Humans are great at picking out and focusing on a single voice in a noisy environment. Computers are getting much better at speech recognition as the growing number of digital assistants proves, but they still struggle when there’s multiple voices or lots of background noise. Google seems to have solved the problem, though, by using both audio and video to train a system to isolate speech.
The phenomenon Google was attempting to copy is known as the cocktail party effect. It’s the brain’s ability to selectively focus on audio while filtering out all other stimuli. A good example of this being listening to someone talk in a very noisy room.
Google Research tackled the problem by combining video and audio in order to identify who is speaking based on mouth movements and linking that up to the audio being heard. Training a “multi-stream convolutional neural network” to carry out this task required collecting 100,000 high quality video lectures and talk from YouTube, then extracting clean speech segments from them.

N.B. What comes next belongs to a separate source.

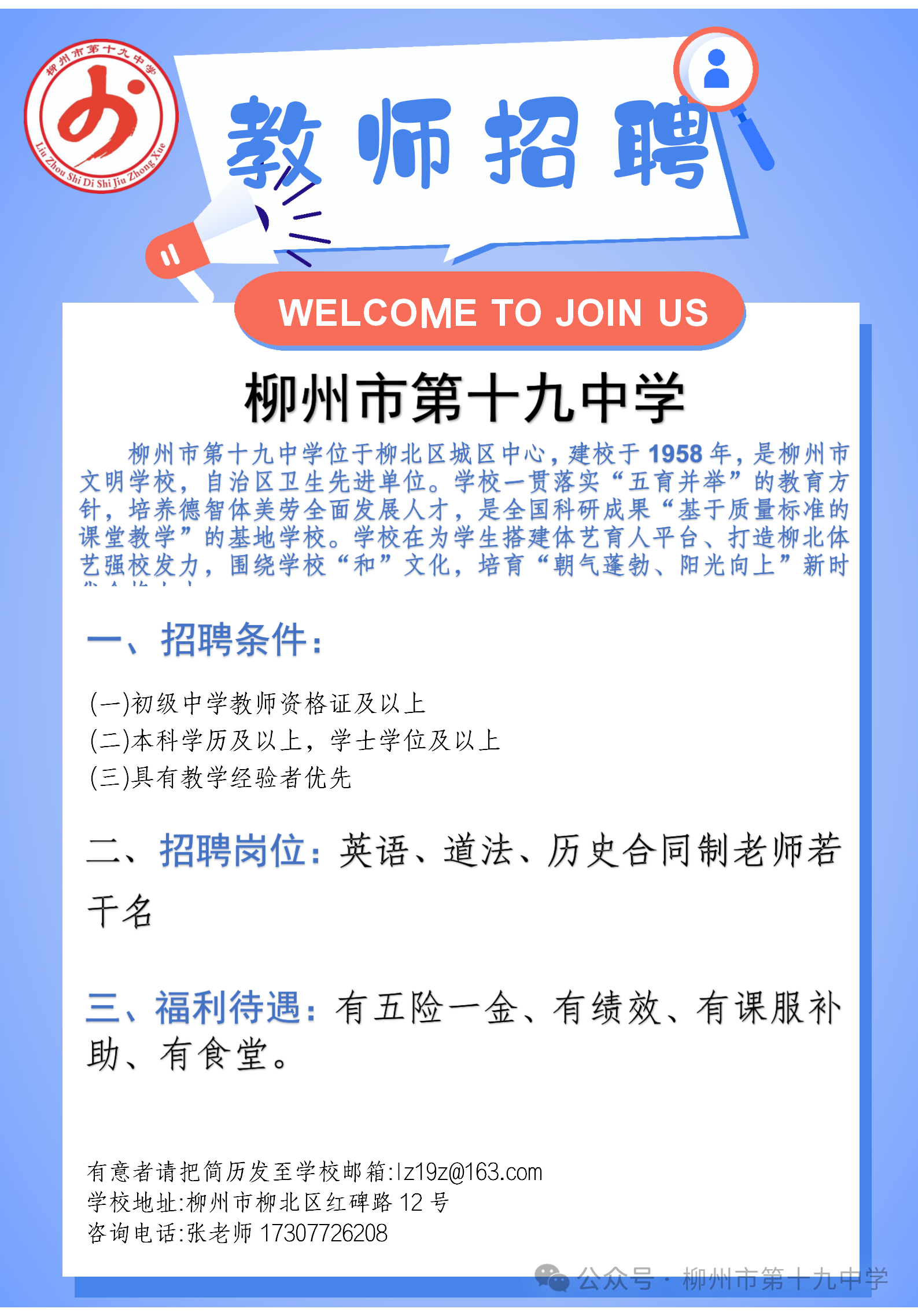 2025年柳州市第十九中學(xué)合同制教師招聘若干人

This resulted in 2,000 hours of clean data with which to create “synthetic cocktail parties.” Google achieved that by mixing the video together so two people were talking simultaneously. Non-speech background noise was also added just to make things more realistic (and difficult).
As the video above demonstrates, once trained the system is capable of focusing on a single voice and filtering out everything else. The same is possible when only one person is speaking but the background noise is bad enough that you struggle to hear what is being said.
Here’s a good example of how Google’s system can improve audio using a noisy cafeteria setting:
As you can imagine, there are many situations where this technology could have a positive impact. For pre-recorded video, it should make automatic captioning much more accurate because each voice can be focused on as part of the process. It may take multiple passes, but it’s worth it if the recognition accuracy increases significantly.
For the hard of hearing, the system could be used as part of a hearing aid and smart glasses combo. The wearer looks at the person they want to listen to in a noisy environment and the hearing aid they are wearing can filter out all but the voice because the camera on the glasses is tracking the mouth movements. The same is possible when watching TV, which could benefit from a new “speech focus” setting for audio output. YouTube would probably get such a feature first, though.
Google is already exploring how it can incorporate the technology into its products, and it’s obvious Google’s digital assistant will be a focus. Being able to converse with Google Home devices in a noisy family environment, or instructing Google to do something using your smartphone in any number of noisy public situations are clear near-future beneficiaries of this tech.